- Movie poster
- Directed by: Mukul Dutt
- Story by: Mukul Dutt
- Produced by: Rajshri Productions
- Starring: Debashree Roy Shashi Puri Iftekhar
- Edited by: Mukhtar Ahmed
- Music by: Raj Kamal
- Release date: 4 September 1984;
- Running time: 159 mins
- Country: India
- Language: Hindi

= Phulwari (1984 film) =

Phulwari is a 1984 Indian Hindi-language drama film directed by Mukul Dutt and produced by Tarachand Barjatya. The screenplay was also written by Dutt. It stars Debashree Roy and Shashi Puri. The music was composed by Raj Kamal with lyrics by Taj Quadri and R N Gustakh.

==Plot==
Arun meets Rajiv Mathur, the newly assigned welfare inspector of the Forest office, at the station. Rajiv says that he is headed for Talpur, and Arun informs him that Talpur is far away, offering Rajiv hospitality for the day. Rajiv arrives at Arun's place and discovers that he is wealthy. Arun also notices that Rajiv is carrying a flute and requests that he play it that night.
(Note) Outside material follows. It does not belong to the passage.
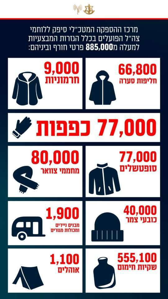 מרכז ההספקה המטכ”לי סיפק לכלל החיילים בסדיר ובמילואים למעלה מ-885 אלף פריטי ציוד חורף, בהם שק”שים מותאמים, 9,000 חרמוניות, יותר מ-66 אלף חליפות סערה, 38 וחצי אלף זוגות כפפות, 77 אלף סופטשלים, 80 אלף מחממי צוואר, 40 אלף כובעי צמר, ביגוד ייעודי לשלג ונגד קור, בנוסף למלאי הקיים ביחידות אשר חולק לאורך כל שנת הלחימה האחרונה. בתחום המזון סופקו ללוחמים ערכות בישול מחלקתיות, מנות לחימום ומגוון מנות מהירות להכנה המותאמות לאקלים החורפי. הלוחמים בשטח מקבלים מידי יום מזון חם וטרי שמגיע ישירות לשטחי הלחימה. בנוסף נופקו יותר מחצי מיליון שקיות חימום 1,100 אוהלים ו-1,900 מבנים ניידים ומכולות מגורים.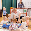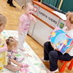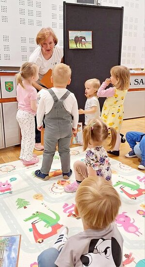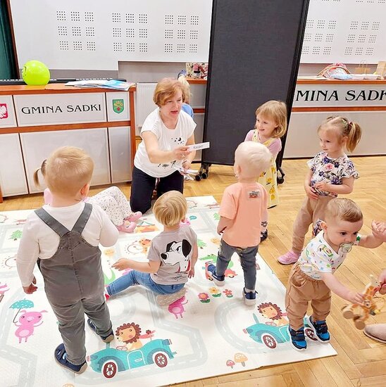 Spotkanie rozpoczęło się od rozmowy o zwierzętach, dzieci starały się odgadnąć jak nazywają się mamy poszczególnych stworzeń. Nie mogło zabraknąć naśladowania dźwięków, jakie one wydają.

While Rajiv plays the flute, they are interrupted by the sudden arrival of Lali, Arun's younger sister. The next day, Arun drops Rajiv off at his office.

Rajiv attends Lali's birthday party but is interrupted by Pyare, a servant at Arun's house, who informs him that a man from his provision has been severely bitten by a rabid dog and needs to be taken to the doctor. Just as Rajiv is about to leave, Lali stalls him, saying that it is Pyare's job to take the wounded man to the doctor, adding that the whole thing is being done to spoil her birthday party. Rajiv is stunned at Lali's rudeness and declares that she is selfish and does not care for anyone but herself.

Lali later visits Rajiv and apologizes for her behavior. She begins to visit him regularly, and Rajiv slowly develops feelings for her. One day, Lali asks Rajiv if he loves her. Rajiv initially fumbles but eventually confesses his feelings. Lali also declares that she is in love with him, and Arun arranges for their wedding. In the meantime, Lali arrives at Rajiv's place but cannot find him. She searches for him and discovers him with Mangli, his maid, by a brook. Lali assumes that Rajiv is having an affair with Mangli and intends to marry her only for her wealth. On their wedding day, Lali confronts Rajiv, declaring that she is no longer willing to marry him because she thinks that he is a fraud and a hypocrite.

Mangli visits Lali and reveals that she accidentally fell into the brook and Rajiv saved her. Lali, now repentant, arrives at Rajiv's place but discovers that he has left without saying where he was going. Dejected, Lali goes on a pilgrimage to find solace. Standing on the bank of a river, she feels that her life has become meaningless. Feeling guilty, she throws herself into the river but is saved by people nearby. When she regains consciousness, she meets an elderly woman and tells her everything about her life. The woman endeavors to reinstate her faith and hope. Coincidentally, Rajiv appears and it is revealed that he is the woman's son. Lali cries and falls at his feet. Rajiv forgives her, and they reunite.

==Cast==

- Debashree Roy as Lali Chaudhury
- Shashi Puri as Rajiv Mathur
- Benjamin Gilani as Arun Chaudhary
- Naaz as Shobha
- Rakesh Bedi as Pyare, Servant
- Iftekhar as Mr Chaudhary, Lali's father
- Kishore Kapoor as Prakash Khatri
- Rajendra Nath as Dr.Gupta
- Sulochana Latkar as Rajiv's Mother
- Shivraj as Kaka
- Jankidas as Antique Shop Owner
- Pallavi Dutt (Introducing - her first film)
- Mohan Choti as Municipal Dog Catcher
- Ashok Saraf as Manu, Cyclerickshaw Driver
- Viju Khote as Horse Trainer
- Jayshree T. as Mangli
- Junior Mehmood as Raviraj
- Dinesh Hingoo as Mohan

==Crew==

| Role | Name |
|---|---|
| Story | Mukul Dutt |
| Dialogue | Govind Moonis |
| Photography | Ishan Arya |
| Art direction | Maharudra Shetty |
| Editing | Mukhtar Ahmed |
| Sound | S G Rao |
| Choreography | Badri Prasad Subal Sarkar |
| Action | Masoom Husain |
| Controller of production | Nand Kishore Kapoor |
| Production manager | P K Gupta |
| Publicity manager | Vinay Welling |
| Music composition | Raj Kamal |
| Producer | Tarachand Barjatya |

==Soundtrack==
The music of the film was composed by Raj Kamal. Govind Moonis wrote the lyrics.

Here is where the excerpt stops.